The Country Store is Always Open!

Soon after the American Civil War, people started moving around and settling in small communities all over the country. Most of these settlements were far from the big cities, so each small town needed a doctors office, and maybe a dentist, a blacksmith and of course a place to buy supplies. Small general stores sprang up everywhere. The store was a place that anyone could get just about anything they needed. They sold grain & horse medicine, thread & cookware, tobacco & coffee, stoves & boots, guns & ammo. Just about everything people needed to survive during that rugged time in history. And very often, it also served as the local post office,  a meeting place to exchange town gossip, and a convenient location to play a game of checkers. It truly was an important place.

My Grandfather rode his gray stallion home from the war and traded him for 1,200 acres in Walker County, Alabama (it must have been a very fine horse).  Around the turn of the century he leased the coal mining rights to  Birmingham Steel & Iron Co. with the agreement that he would operate the Commissary. The Commissary and the coal miners were dependent upon each other. The miners would buy food and clothing on credit at the Commissary until payday.  The customer would come in the store and tell the clerk what they wanted.  The clerk would get the order together and hand record what you bought into a ledger and would total the amount due each month.  Statements were never sent out because the customer came to the store at least once a week and the clerks knew everybody's name.  When the UMW would go on strike the Commissary would carry the miners debt and continue to supply them with the result that many people could not pay off their commissary bill and would be in debt for many years.
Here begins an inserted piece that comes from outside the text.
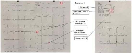 A 12-lead electrocardiogram (ECG) was performed in accordance with standard ECG acquisition rules and following American Heart Association guidelines. The ECGs were evaluated by two independent cardiologists who were unaware of the clinical data. The ERS was calculated using the scores from each ECG. The inter-rater reliability was assessed using Cohen’s kappa coefficient (κ = 0.85), which indicated excellent agreement between the cardiologists. The electrical risk score was then calculated from the ECG (Figure 1). Heart rate, signs of LVH, Tp-e interval, QTc interval, frontal QRS-T angle, and QRS transition zone were used to calculate the ERS. Patients with a heart rate higher than 75/min, presence of LVH according to Skolow–Lyon, QRS transition zone ≥ V4, QTc interval > 450 ms in men and >460 ms in women, Tp-e interval > 89 ms and frontal QRS-T angle > 90° were scored, one point for each criterion [26]. The presence of LVH was determined as the sum of the voltage of the V1S wave + V5/6R wave ≥ 35 mm based on the Sokolow–Lyon criteria [27]. QT interval was calculated from the beginning of the QRS wave to the end of the T wave and corrected using the Bazett formula (QTc Bazett: QT/√RR). The Tp-e interval was calculated as the distance between the peak and the end of the T wave. The QRS transition zone V1-6 precordial leads were analyzed, and the lead in which the R wave was greater than the S wave was identified and recorded [28]. The frontal QRS-T angle was measured as the absolute difference between the QRS axis and the T axis. In instances where this discrepancy exceeded 180°, the angle was calculated by subtracting 360° [29]. As illustrated in Figure 1, an example of ECG interpretation is presented. Scoring was conducted for each parameter. Each parameter was assigned a score, and the total score was determined as ERS (lowest score: 0, highest score: 6) [30].
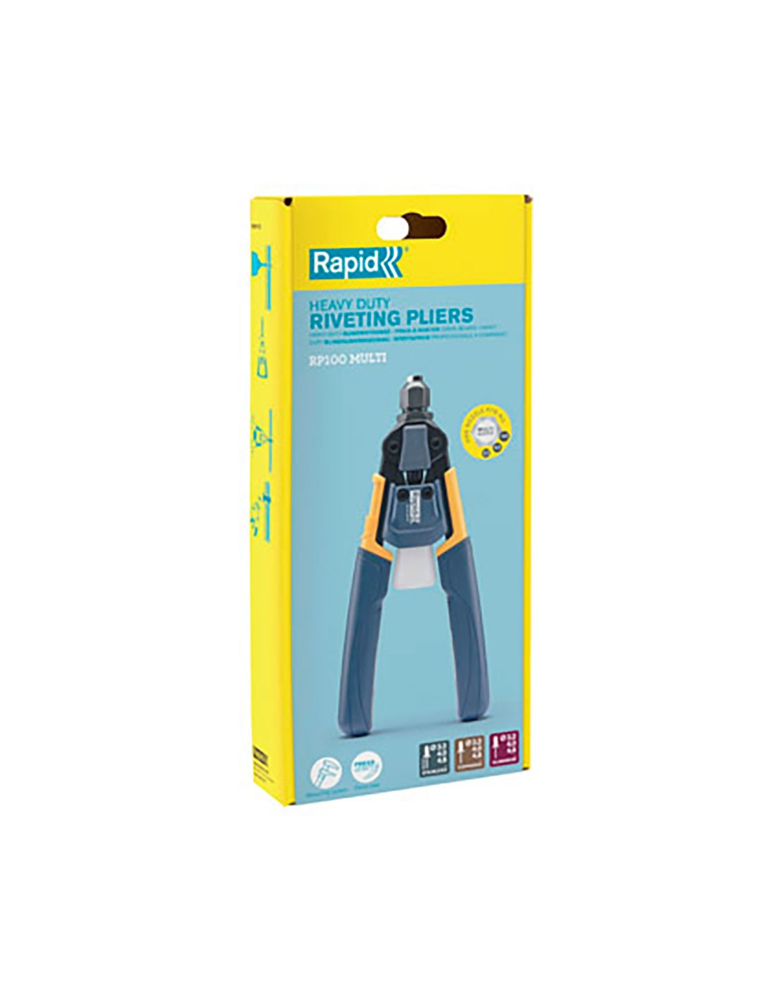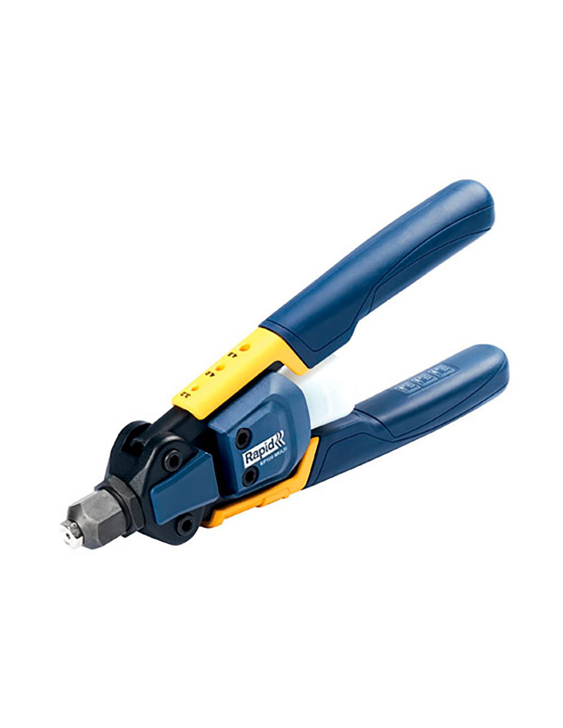 Remachadora manual rp100 multi, profesional. adecuadas para todo tipo de trabajos de chapa y reparaciones. la tecnología de reducción de potencia y su mango cómodo y ergonómico hacen que la rp100 multi sea especialmente útil en proyectos de gran envergadura, ya que puede trabajar durante más tiempo y clavar muchos remaches sin fatiga muscular. con su exclusiva boquilla múltiple, puede cambiar rápidamente de tamaño de remache sin cambiar de boquilla. 12,5 × 29 × 4 cm

 If what was wanted could not be found in the store, a mail order catalog was provided from which the customer could order. The catalogs, sometimes called "wish books," carried as wide a variety of more expensive items.

The picture at the top of the page is my Father in the Commissary in the 1920's.  The family operated the store, which burned down twice, from the turn of the century until it closed in 1955.  It was replaced by a family owned Piggly Wiggly which is how I got into the supermarket business.  But that's another story...  Macon Gravlee

The Country Store is Always Open!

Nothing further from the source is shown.